▸ **Exercise prompt**
Write out, without any change, the lines in the material below that run from the line with "为深入学习贯彻习近平文化思想" through the line with "Bordeaux / Red", both included.

▸ **Data listing**
▬▬▬

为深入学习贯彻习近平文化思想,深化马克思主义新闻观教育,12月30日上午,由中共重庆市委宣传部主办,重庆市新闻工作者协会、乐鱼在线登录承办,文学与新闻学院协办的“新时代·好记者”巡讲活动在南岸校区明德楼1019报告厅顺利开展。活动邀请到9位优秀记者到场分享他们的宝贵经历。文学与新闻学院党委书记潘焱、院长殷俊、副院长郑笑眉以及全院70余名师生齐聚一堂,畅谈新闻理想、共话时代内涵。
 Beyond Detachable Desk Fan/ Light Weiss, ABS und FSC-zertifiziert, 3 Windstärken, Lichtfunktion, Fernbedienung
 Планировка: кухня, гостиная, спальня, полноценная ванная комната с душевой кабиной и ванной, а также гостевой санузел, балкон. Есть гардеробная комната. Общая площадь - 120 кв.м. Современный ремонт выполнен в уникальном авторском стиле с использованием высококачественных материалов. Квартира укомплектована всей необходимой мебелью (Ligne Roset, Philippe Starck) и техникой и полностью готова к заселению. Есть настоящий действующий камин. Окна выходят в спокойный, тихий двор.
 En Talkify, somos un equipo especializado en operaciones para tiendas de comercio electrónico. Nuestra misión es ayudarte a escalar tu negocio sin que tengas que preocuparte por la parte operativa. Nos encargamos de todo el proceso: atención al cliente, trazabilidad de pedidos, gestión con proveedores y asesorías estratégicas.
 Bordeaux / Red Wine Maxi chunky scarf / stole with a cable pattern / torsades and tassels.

▬▬▬

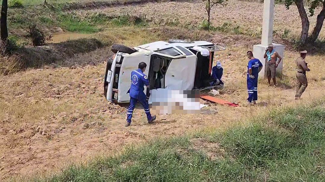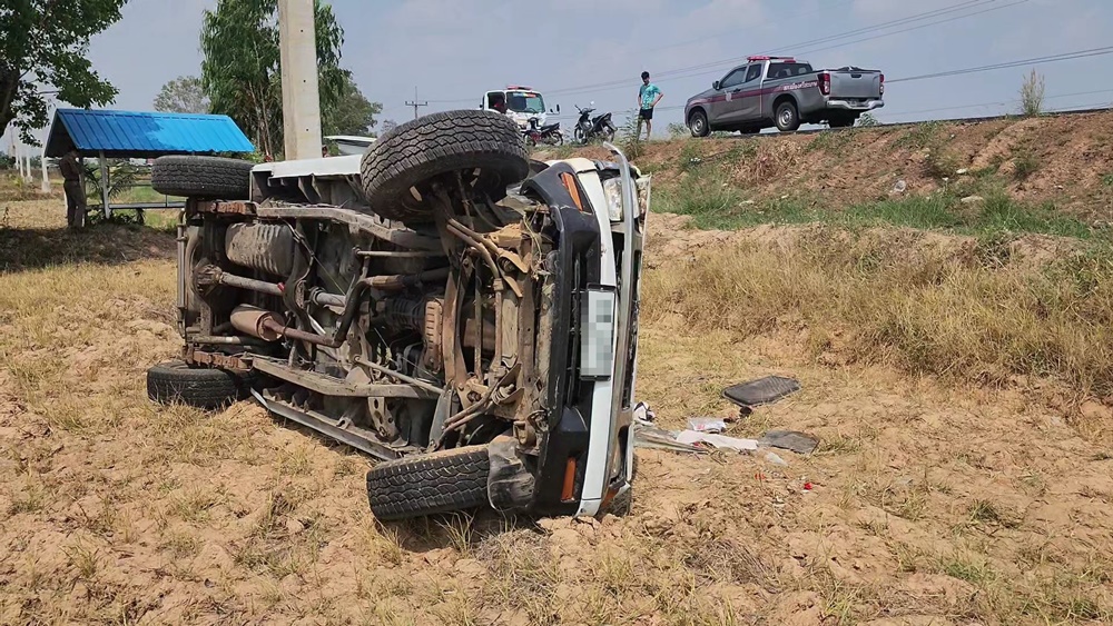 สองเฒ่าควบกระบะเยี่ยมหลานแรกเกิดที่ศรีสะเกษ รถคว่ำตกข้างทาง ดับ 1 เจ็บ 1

▬▬▬

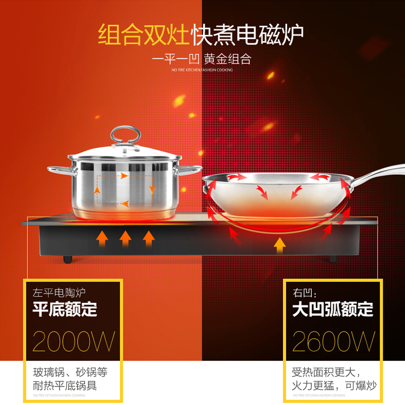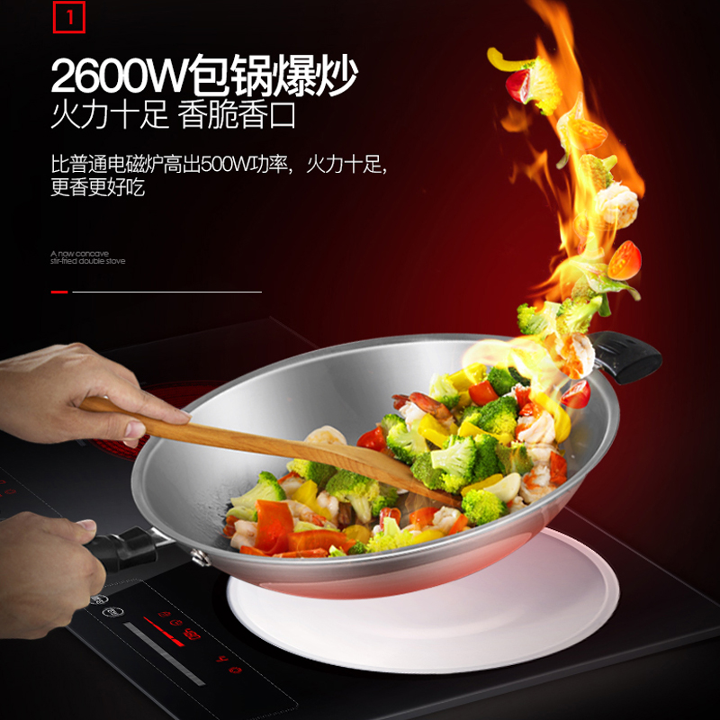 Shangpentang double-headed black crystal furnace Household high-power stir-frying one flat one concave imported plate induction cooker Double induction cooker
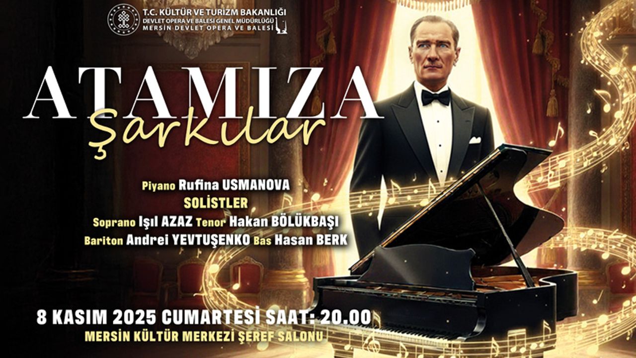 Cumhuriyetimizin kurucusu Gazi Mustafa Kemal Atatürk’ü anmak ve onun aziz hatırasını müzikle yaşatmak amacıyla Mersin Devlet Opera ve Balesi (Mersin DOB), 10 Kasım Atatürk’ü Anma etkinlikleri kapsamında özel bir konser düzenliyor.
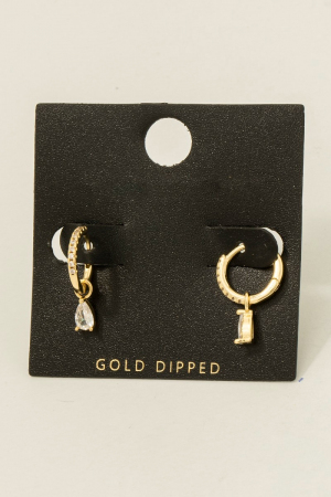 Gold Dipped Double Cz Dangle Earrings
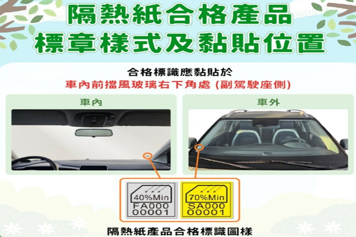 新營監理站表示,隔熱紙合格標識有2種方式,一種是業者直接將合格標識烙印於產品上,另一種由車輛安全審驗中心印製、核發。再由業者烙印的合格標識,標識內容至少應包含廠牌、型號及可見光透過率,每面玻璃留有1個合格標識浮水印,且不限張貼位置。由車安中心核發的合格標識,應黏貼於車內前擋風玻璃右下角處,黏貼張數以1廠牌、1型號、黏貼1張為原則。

▬▬▬

▸ **Output below**
为深入学习贯彻习近平文化思想,深化马克思主义新闻观教育,12月30日上午,由中共重庆市委宣传部主办,重庆市新闻工作者协会、乐鱼在线登录承办,文学与新闻学院协办的“新时代·好记者”巡讲活动在南岸校区明德楼1019报告厅顺利开展。活动邀请到9位优秀记者到场分享他们的宝贵经历。文学与新闻学院党委书记潘焱、院长殷俊、副院长郑笑眉以及全院70余名师生齐聚一堂,畅谈新闻理想、共话时代内涵。
 Beyond Detachable Desk Fan/ Light Weiss, ABS und FSC-zertifiziert, 3 Windstärken, Lichtfunktion, Fernbedienung
 Планировка: кухня, гостиная, спальня, полноценная ванная комната с душевой кабиной и ванной, а также гостевой санузел, балкон. Есть гардеробная комната. Общая площадь - 120 кв.м. Современный ремонт выполнен в уникальном авторском стиле с использованием высококачественных материалов. Квартира укомплектована всей необходимой мебелью (Ligne Roset, Philippe Starck) и техникой и полностью готова к заселению. Есть настоящий действующий камин. Окна выходят в спокойный, тихий двор.
 En Talkify, somos un equipo especializado en operaciones para tiendas de comercio electrónico. Nuestra misión es ayudarte a escalar tu negocio sin que tengas que preocuparte por la parte operativa. Nos encargamos de todo el proceso: atención al cliente, trazabilidad de pedidos, gestión con proveedores y asesorías estratégicas.
 Bordeaux / Red Wine Maxi chunky scarf / stole with a cable pattern / torsades and tassels.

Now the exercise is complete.